Wind turbines do not suddenly become more expensive to operate when gas prices spike. Solar panels do not either. Yet the marginal pricing rule means that electricity generated by those sources is often priced as if it were produced using expensive gas. This creates very large windfall gains for some generators.

More importantly, it imposes unnecessary costs on households and businesses.

Ironically, this outcome runs directly against the logic that the microeconomic theory is supposed to support.

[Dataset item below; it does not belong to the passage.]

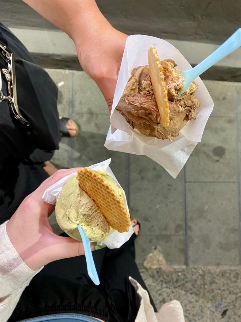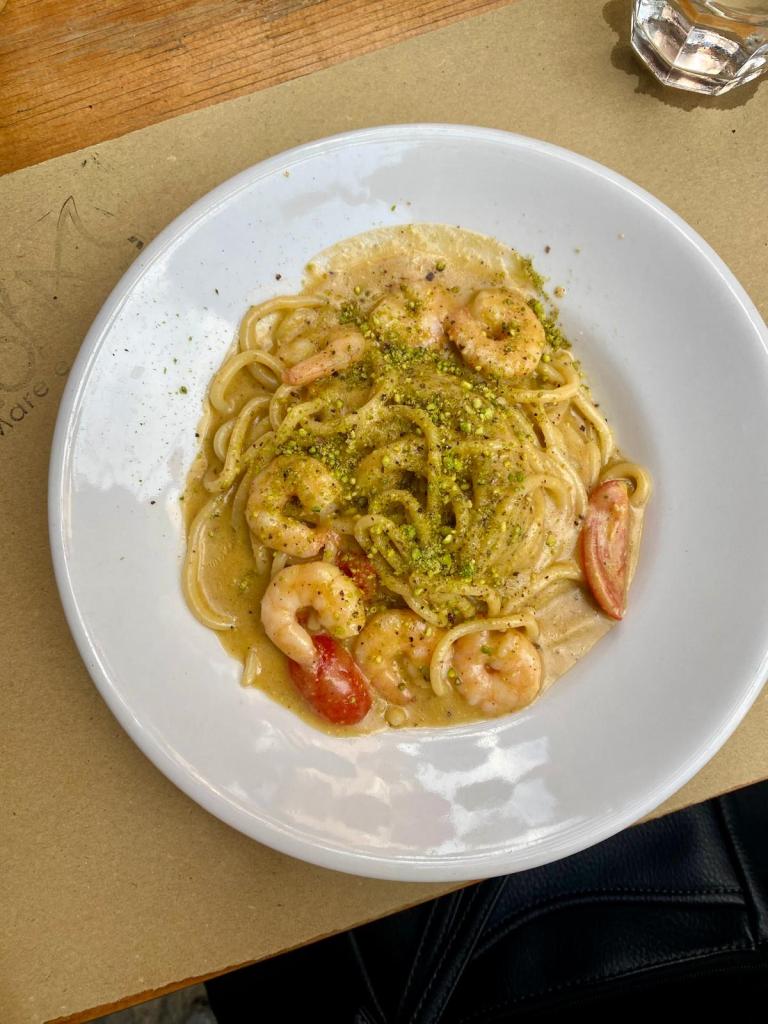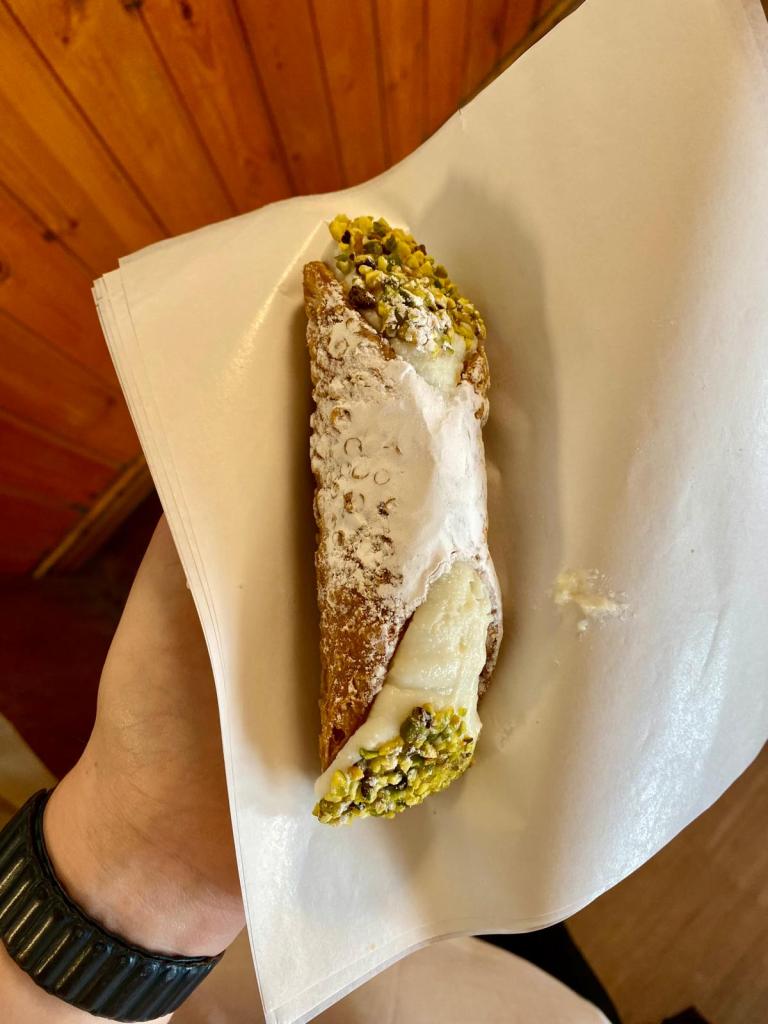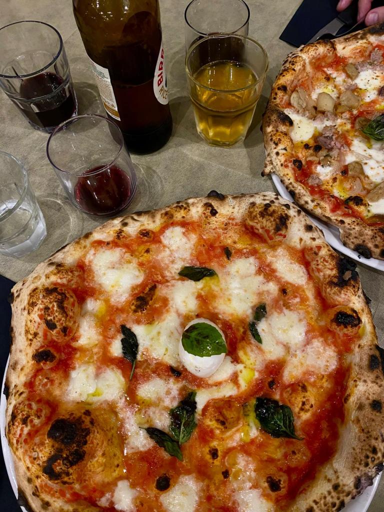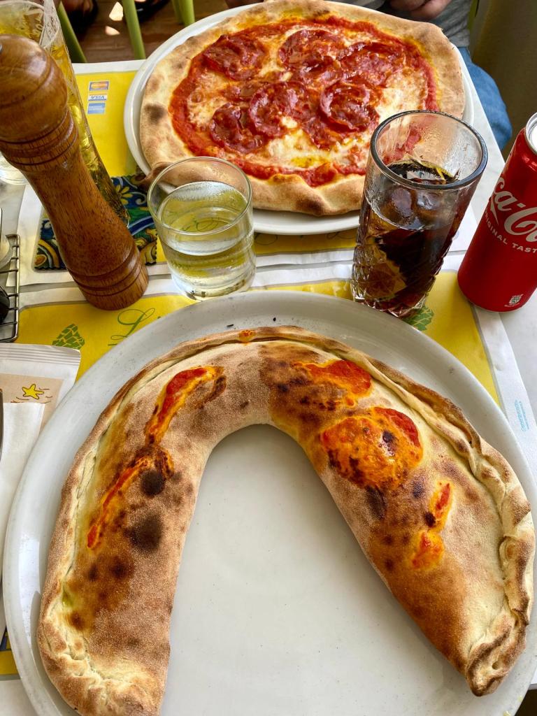 Löysimme sopivan ravintolan, jossa ei kuitenkaan puhuttu englantia. Ruoka sen sijaan oli erinomaista. Pizza oli napolilaistyylistä, ja siinä oli muhkeat reunat ja maukas taikina. Myös muut vierailemamme ravintolat Nicolosissa olivat erinomaisia. Paikallisesta gelateriasta pystyi illallisen jälkeen nappaamaan vielä jälkiruoaksi gelatoa.

In theory, competitive markets should drive prices down to the lowest sustainable level because firms compete to supply goods more efficiently. Consumers should therefore benefit from lower prices from the logic that the electricity regulator uses, but in practice, the opposite happens. As cheaper technologies such as wind and solar expand, the price paid by consumers can still be determined by the most expensive fossil fuel generator operating in the system. So the benefit of low-cost renewable electricity is not passed through to consumers. Instead, the market design locks electricity prices to gas.

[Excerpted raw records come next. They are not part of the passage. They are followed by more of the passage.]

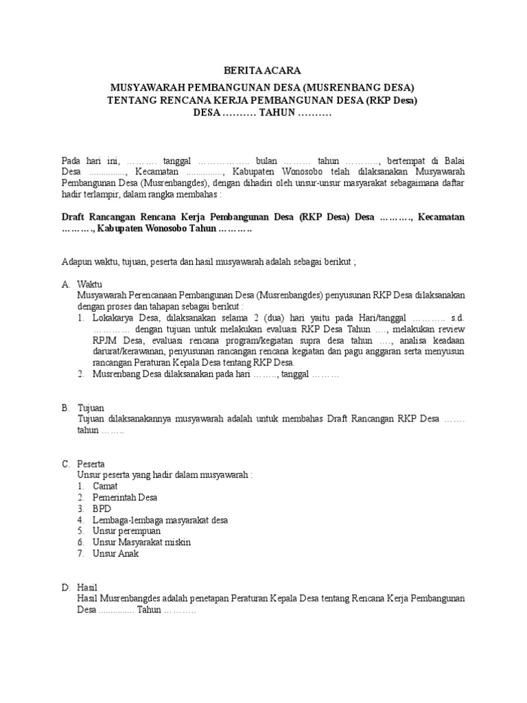 Contoh berita acara musyawarah desa berkaitan dengan pelaksanaan program pembangunan infrastruktur perdesaa n tahun 2013 di desa klampisan kecamatan kandangan kabupaten kediri provinsi jawa timur maka pada hari ini. Atau bahasa ibunya adalah rapat kampung dimana memang haruslah dibuat berupa notule yang akan mengabarkan lokasi dan tempat berlangsung acara dan dalam rangka apa acara resebut di buat. 2 penyusunan daftar prioritas masalah desa untuk disampaikan di musrenbang kecamatan. Menyepakati prioritas usulan hasil musrenbang desa yang akan menjadi prioritas pembangunan kecamatan. Program dan kegiatan yang dibahas dan disepakati meliputi program dan kegiatan yang menjadi urusan wajib dan pilihan sesuai fungsi skpdgabungan skpd dengan mengacu kepada standar pelayanan minimal. Musrenbang harus dipandang sebagai saluran resmi yang dipersiapkan untuk mengkanalisasi aspirasi masyarakat dalam rangka memperoleh akses yang memadai dalam kebijakan penganggaran pembangunan.
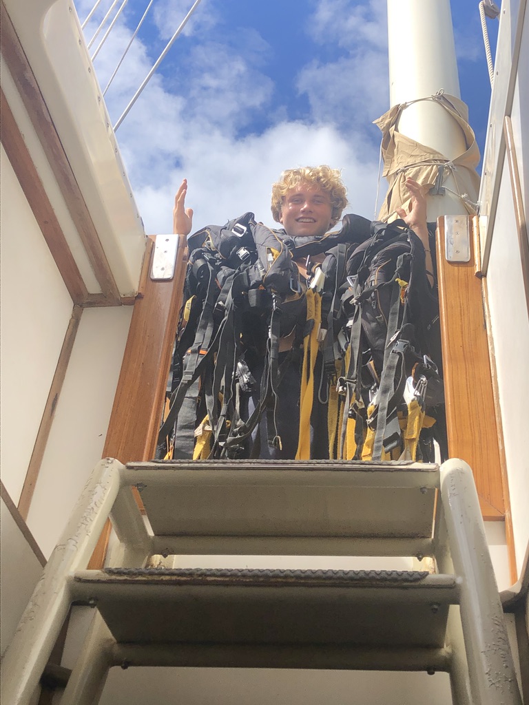 Today I woke up to the sound of Ethan, Seve, and Liam screaming at the top of their lungs in my bunk. They were heralding our arrival at our final destination: Antigua! Everyone woke up stoked and ready for the day, and we mustered in the cockpit as the day began to warm up. We did a baby BA in the morning to make us look like “clean and healthy people” for the health inspector. After he arrived and took all of our temperatures, we had the final boatmeal and got ready for the second, messier BA of the day… aptly titled the Messy BA. The Messy BA is the older sister of the regular, tamer BA and involved doing the once-a-program messy, dirty jobs like cleaning the bilges and the anchor locker. We had our work cut out for us, only stopping once for lunch and once again for dinner and another time for a snorkeling break; we toiled away in the pits and crevices of the ship, scrubbing. It was a lot of fun and very satisfying to squeeze myself into a tiny space in the bilge and scrub the grime from the corners of it. After our snorkel break, during which we saw a lot of squid and barracudas, we dried off and had delicious chicken curry, thanks to Sam. We also saw a medium size spotted eagle ray come right up to the surface beside the boat during squeeze, a good omen for what’s coming next. We are preparing to go on a night dive and hopefully see some cool things in the water and also hopefully get clean after this messy messy day.
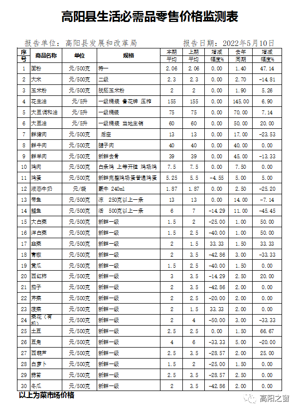 高阳县最新生活必需品零售价格监测表发布

This is not an inevitable feature of energy systems. It is a policy choice. And it is a policy choice based on the inappropriate application of a piece of microeconomic theory to a market that does not satisfy the assumptions on which that theory depends.

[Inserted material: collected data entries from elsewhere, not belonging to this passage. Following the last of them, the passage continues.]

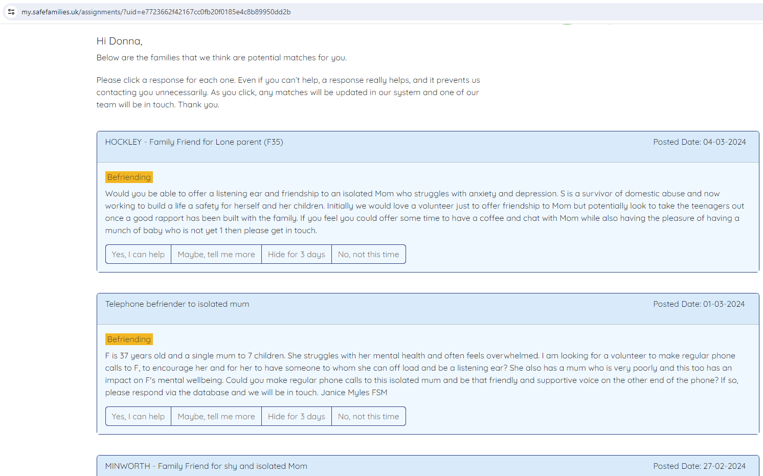 The link is personalised and will show them the latest 10 posts that were sent to them, that they haven't responded to, that haven't been matched already or closed as not needed.
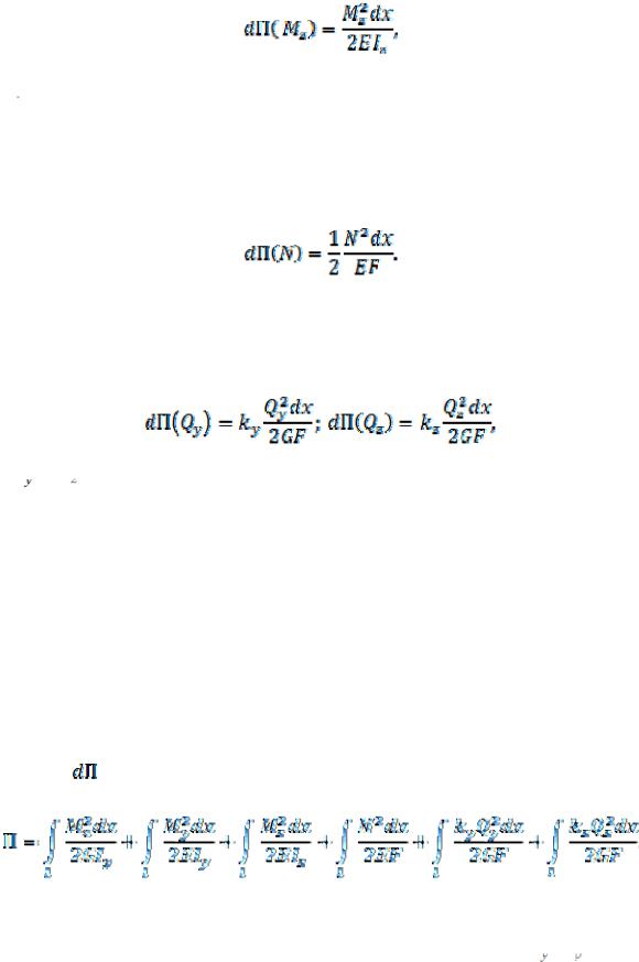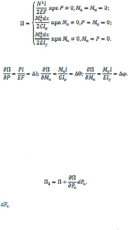 Как правило, эти слагаемые значительно меньше остальных, и ими можно пренебречь. Таким образом, потенциальная энергия деформации равна половине произведения сил или пары сил на перемещение по ее направлению в том сечении, где внутренняя сила приложена.
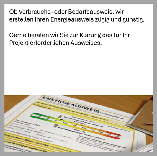 Sie erhalten die erforderlichen Leistungen zur energetischen Berechnung und Analyse Ihres Neubauvorhabens oder für Ihre Überlegungen zur Sanierung Ihres Bestandsgebäudes
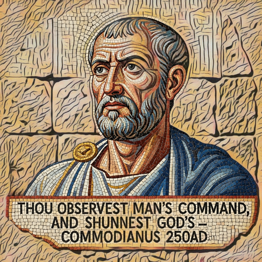 Commodian. 1885. “The Instructions of Commodianus.” In Fathers of the Third Century: Tertullian, Part Fourth; Minucius Felix; Commodian; Origen, Parts First and Second, edited by Alexander Roberts, James Donaldson, and A. Cleveland Coxe, translated by Robert Ernest Wallis, 4:214. The Ante-Nicene Fathers. Buffalo, NY: Christian Literature Company.
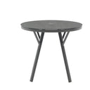 Yes aluminum HPL round table, which looks slim but stable, combines practicality with art, is firm and stable, and is not easy to topple. The middle umbrella hole on the table is convenient for umbrella release.

Electricity is essential infrastructure. It requires system coordination, regulated networks, long-term investment planning, and guaranteed supply. For those reasons it has always been heavily regulated. Trying to pretend that it behaves like a textbook competitive market is simply unrealistic.

The consequences are now becoming increasingly obvious.

First, consumers remain exposed to volatile gas prices even as the electricity system becomes dominated by renewable energy.

Second, windfall gains are generated for some electricity producers and the government through its price-guarantee arrangements when gas prices spike.

Third, the public understandably wonders why electricity prices remain high even when cheap renewable electricity is expanding rapidly.

And fourth, confidence in the energy transition risks being undermined if people believe that decarbonisation simply means permanently high energy prices.

None of this is necessary.

Electricity markets can be designed differently. Prices could reflect the costs of the different technologies providing electricity rather than the cost of the most expensive marginal unit. Long-term contracts, regulated pricing frameworks, or segmented markets could deliver much more stable and rational outcomes.

But achieving that requires abandoning the idea that a textbook model of marginal-cost pricing provides the right framework for electricity markets. That model was developed for competitive markets for ordinary goods. Electricity is not one of those goods. Continuing to price electricity as if it were is not just economically questionable. It is economically irrational.

What would make rational sense now would be the restructuring of the pricing of the electricity market in the UK to reflect the actual contractual conditions that exist around the generation of power to provide the returns that are actually reasonably required by each of the generators involved, with the goal of reducing to the greatest possible degree the price to the consumer. Technically, this is entirely possible. This would be a proper role for government. The one government has adopted is one that abandons the role of government and pretends, instead, that a faux market exists. That has been the height of irresponsibility..

If Ed Miliband wanted to do something really useful with his time in office, this should be his goal.